(DATA FOR THIS TASK begins)

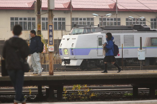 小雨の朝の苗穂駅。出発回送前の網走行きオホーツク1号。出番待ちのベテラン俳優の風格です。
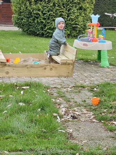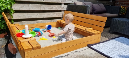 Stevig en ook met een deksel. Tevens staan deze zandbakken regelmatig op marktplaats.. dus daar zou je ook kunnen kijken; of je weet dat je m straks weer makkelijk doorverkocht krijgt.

(DATA FOR THIS TASK ends)
(DATA FOR THIS TASK begins)

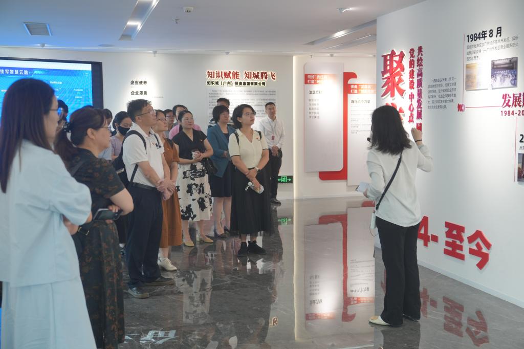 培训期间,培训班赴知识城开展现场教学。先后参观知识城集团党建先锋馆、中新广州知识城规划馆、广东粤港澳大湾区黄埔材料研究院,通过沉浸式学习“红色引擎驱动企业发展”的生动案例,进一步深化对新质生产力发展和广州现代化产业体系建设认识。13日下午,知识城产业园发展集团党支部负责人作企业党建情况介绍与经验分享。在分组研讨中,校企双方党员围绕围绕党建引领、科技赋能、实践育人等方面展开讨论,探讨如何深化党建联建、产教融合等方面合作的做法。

(DATA FOR THIS TASK ends)
(DATA FOR THIS TASK begins)

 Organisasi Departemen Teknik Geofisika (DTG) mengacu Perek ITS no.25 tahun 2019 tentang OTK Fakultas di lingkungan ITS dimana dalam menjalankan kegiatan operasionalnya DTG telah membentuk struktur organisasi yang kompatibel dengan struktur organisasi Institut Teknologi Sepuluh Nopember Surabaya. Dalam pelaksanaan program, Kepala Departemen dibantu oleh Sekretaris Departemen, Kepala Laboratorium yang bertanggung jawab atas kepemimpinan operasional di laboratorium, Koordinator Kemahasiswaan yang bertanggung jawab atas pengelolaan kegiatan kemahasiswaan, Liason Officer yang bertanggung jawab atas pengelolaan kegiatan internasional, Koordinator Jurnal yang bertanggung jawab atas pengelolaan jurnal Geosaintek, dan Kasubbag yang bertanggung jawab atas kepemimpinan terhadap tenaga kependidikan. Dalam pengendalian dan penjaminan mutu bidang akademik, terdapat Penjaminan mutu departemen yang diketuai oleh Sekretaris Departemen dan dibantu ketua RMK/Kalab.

(DATA FOR THIS TASK ends)

EXERCISE REQUIREMENTS
All lines above starting at the one with "小雨の朝の苗穂駅。出発回送前" and ending at the one with "Stevig en ook", inclusive, are to be printed again exactly, with the pictures left out.

RESPONSE TO THE EXERCISE
 小雨の朝の苗穂駅。出発回送前の網走行きオホーツク1号。出番待ちのベテラン俳優の風格です。
 Stevig en ook met een deksel. Tevens staan deze zandbakken regelmatig op marktplaats.. dus daar zou je ook kunnen kijken; of je weet dat je m straks weer makkelijk doorverkocht krijgt.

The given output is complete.